Work task: Those lines of the following listing which contain the string "stone" should be returned.

[Data for processing]

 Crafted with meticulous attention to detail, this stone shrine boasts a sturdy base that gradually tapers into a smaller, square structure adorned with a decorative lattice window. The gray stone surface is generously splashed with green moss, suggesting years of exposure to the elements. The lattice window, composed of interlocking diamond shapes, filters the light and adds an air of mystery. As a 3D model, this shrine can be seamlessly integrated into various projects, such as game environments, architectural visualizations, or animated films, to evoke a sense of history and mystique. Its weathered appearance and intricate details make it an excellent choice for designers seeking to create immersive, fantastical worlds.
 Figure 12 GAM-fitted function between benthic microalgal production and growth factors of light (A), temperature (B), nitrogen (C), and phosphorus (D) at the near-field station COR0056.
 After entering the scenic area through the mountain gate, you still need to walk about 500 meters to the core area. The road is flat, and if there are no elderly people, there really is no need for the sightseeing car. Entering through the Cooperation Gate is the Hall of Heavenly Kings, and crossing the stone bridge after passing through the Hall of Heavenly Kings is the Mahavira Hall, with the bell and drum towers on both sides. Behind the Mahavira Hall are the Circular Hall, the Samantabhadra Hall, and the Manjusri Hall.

[/Data for processing]
[Data for processing]

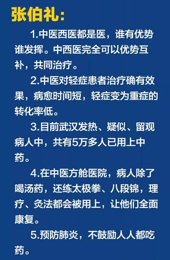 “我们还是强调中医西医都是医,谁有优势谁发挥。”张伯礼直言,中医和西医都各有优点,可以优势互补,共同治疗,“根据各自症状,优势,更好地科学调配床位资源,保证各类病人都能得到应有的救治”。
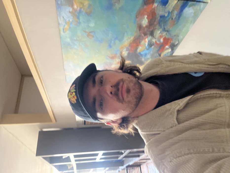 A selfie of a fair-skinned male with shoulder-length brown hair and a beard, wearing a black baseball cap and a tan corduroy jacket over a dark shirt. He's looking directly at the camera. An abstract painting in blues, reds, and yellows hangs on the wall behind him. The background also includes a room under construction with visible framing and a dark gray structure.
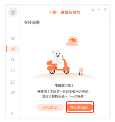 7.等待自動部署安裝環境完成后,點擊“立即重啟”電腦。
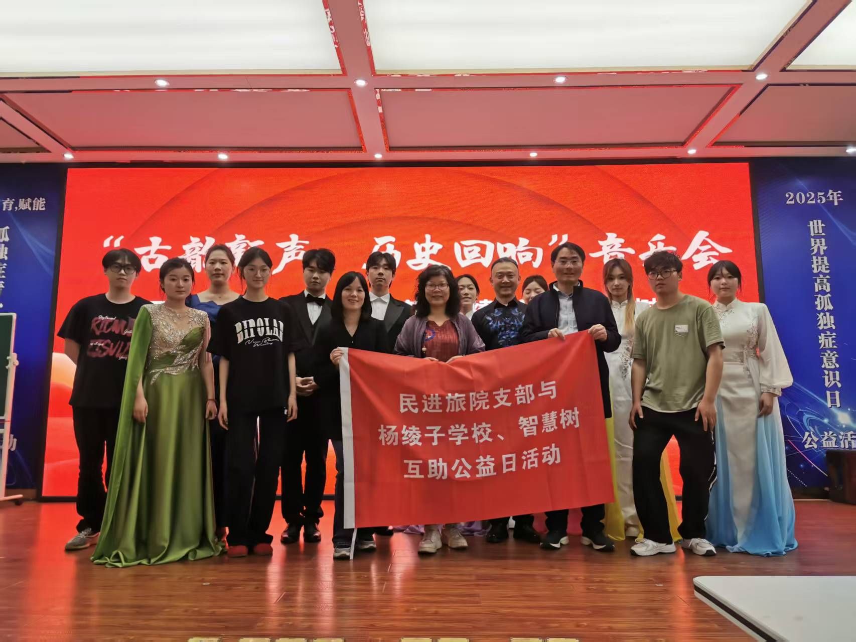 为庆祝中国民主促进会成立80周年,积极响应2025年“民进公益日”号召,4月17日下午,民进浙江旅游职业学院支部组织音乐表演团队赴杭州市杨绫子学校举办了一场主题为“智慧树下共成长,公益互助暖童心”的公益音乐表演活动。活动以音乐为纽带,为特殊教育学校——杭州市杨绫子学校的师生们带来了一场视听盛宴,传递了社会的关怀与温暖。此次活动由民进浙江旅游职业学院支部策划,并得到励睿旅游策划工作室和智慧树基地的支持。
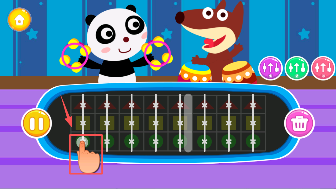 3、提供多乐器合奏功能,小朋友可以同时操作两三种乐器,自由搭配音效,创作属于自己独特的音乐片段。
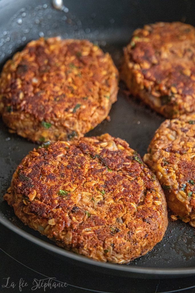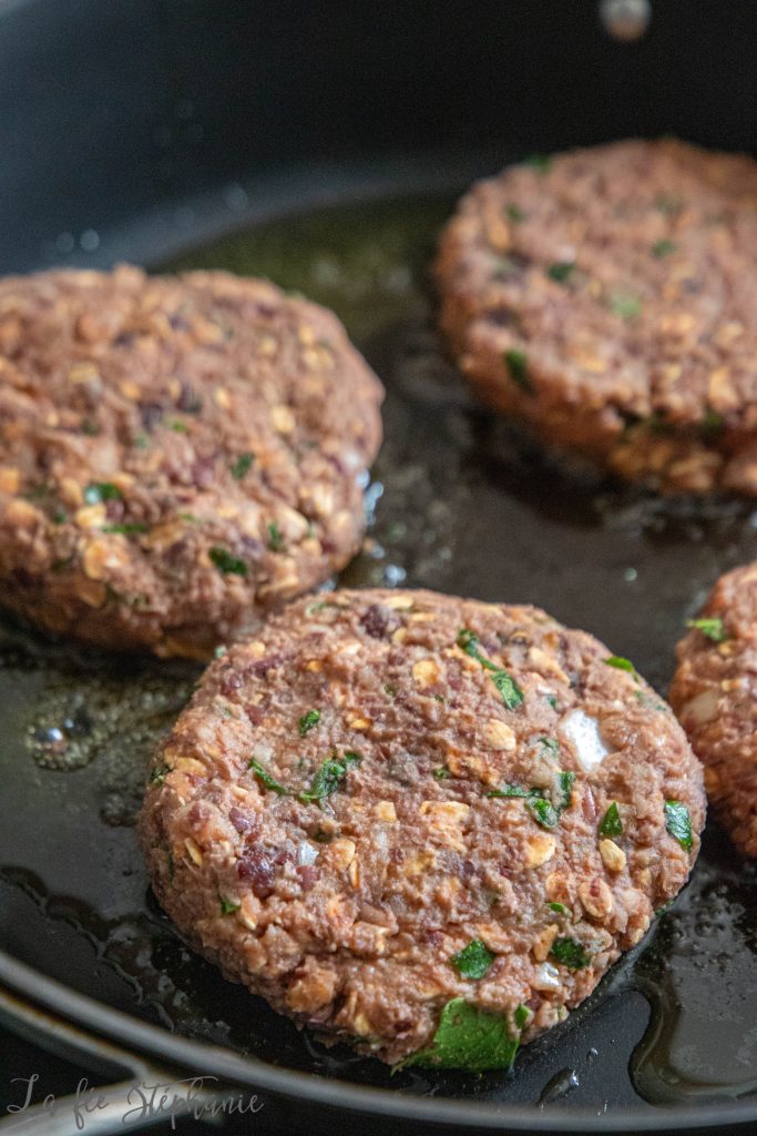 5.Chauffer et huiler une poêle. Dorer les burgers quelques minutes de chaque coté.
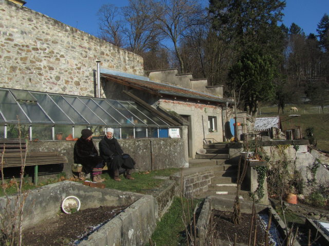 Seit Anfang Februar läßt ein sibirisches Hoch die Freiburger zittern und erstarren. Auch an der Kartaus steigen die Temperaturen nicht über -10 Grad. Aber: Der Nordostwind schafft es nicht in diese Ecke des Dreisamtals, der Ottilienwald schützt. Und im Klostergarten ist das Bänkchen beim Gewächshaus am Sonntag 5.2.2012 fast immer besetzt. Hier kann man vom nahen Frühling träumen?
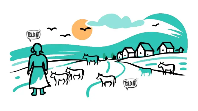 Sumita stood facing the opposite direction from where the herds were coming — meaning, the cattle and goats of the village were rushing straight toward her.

[/Data for processing]

Written response:
 Crafted with meticulous attention to detail, this stone shrine boasts a sturdy base that gradually tapers into a smaller, square structure adorned with a decorative lattice window. The gray stone surface is generously splashed with green moss, suggesting years of exposure to the elements. The lattice window, composed of interlocking diamond shapes, filters the light and adds an air of mystery. As a 3D model, this shrine can be seamlessly integrated into various projects, such as game environments, architectural visualizations, or animated films, to evoke a sense of history and mystique. Its weathered appearance and intricate details make it an excellent choice for designers seeking to create immersive, fantastical worlds.
 After entering the scenic area through the mountain gate, you still need to walk about 500 meters to the core area. The road is flat, and if there are no elderly people, there really is no need for the sightseeing car. Entering through the Cooperation Gate is the Hall of Heavenly Kings, and crossing the stone bridge after passing through the Hall of Heavenly Kings is the Mahavira Hall, with the bell and drum towers on both sides. Behind the Mahavira Hall are the Circular Hall, the Samantabhadra Hall, and the Manjusri Hall.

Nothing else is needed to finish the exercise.